* Exercise material
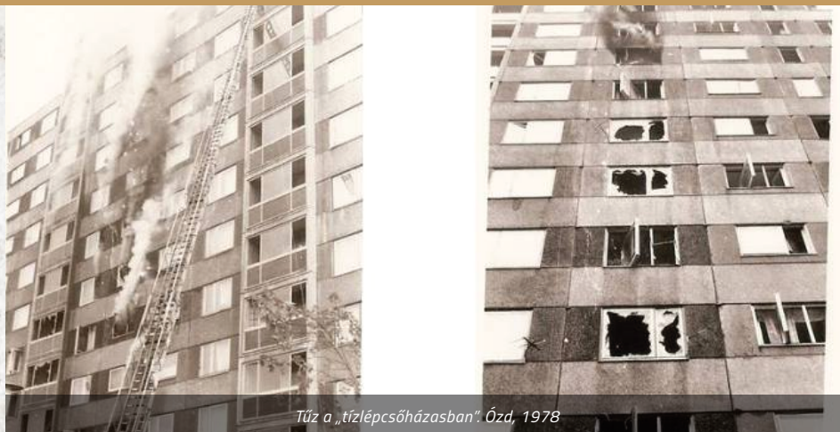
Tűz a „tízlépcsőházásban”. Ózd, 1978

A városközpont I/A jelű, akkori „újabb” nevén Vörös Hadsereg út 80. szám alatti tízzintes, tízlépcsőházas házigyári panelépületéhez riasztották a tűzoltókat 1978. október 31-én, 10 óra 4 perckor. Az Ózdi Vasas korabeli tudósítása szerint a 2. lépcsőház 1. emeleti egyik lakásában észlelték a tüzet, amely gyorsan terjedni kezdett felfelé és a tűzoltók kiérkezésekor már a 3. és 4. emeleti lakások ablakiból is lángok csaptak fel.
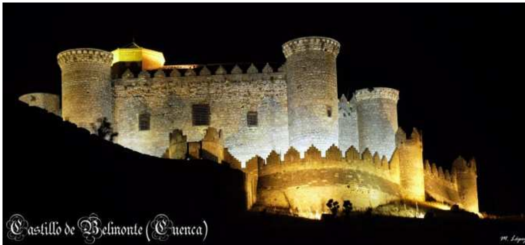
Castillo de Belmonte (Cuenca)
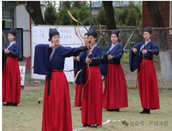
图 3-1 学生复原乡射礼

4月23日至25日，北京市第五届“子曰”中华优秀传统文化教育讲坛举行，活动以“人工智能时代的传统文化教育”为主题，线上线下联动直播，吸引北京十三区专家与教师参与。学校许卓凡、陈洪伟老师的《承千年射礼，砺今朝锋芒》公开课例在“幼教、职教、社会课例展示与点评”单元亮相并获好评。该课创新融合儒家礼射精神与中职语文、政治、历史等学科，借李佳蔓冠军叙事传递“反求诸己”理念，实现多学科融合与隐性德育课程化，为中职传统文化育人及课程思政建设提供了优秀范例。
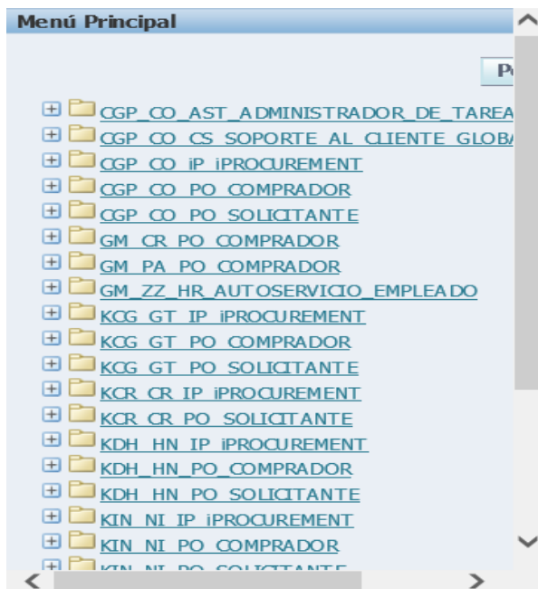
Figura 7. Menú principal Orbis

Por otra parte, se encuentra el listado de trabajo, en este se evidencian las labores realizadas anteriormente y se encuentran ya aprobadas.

* What you need to do
Transcribe, without alteration, each line from the one with "Castillo de Belmonte (Cuenca)" through the last line of the data; no pictures belong in the copy.

* Exercise response
Castillo de Belmonte (Cuenca)
图 3-1 学生复原乡射礼

4月23日至25日，北京市第五届“子曰”中华优秀传统文化教育讲坛举行，活动以“人工智能时代的传统文化教育”为主题，线上线下联动直播，吸引北京十三区专家与教师参与。学校许卓凡、陈洪伟老师的《承千年射礼，砺今朝锋芒》公开课例在“幼教、职教、社会课例展示与点评”单元亮相并获好评。该课创新融合儒家礼射精神与中职语文、政治、历史等学科，借李佳蔓冠军叙事传递“反求诸己”理念，实现多学科融合与隐性德育课程化，为中职传统文化育人及课程思政建设提供了优秀范例。
Figura 7. Menú principal Orbis

Por otra parte, se encuentra el listado de trabajo, en este se evidencian las labores realizadas anteriormente y se encuentran ya aprobadas.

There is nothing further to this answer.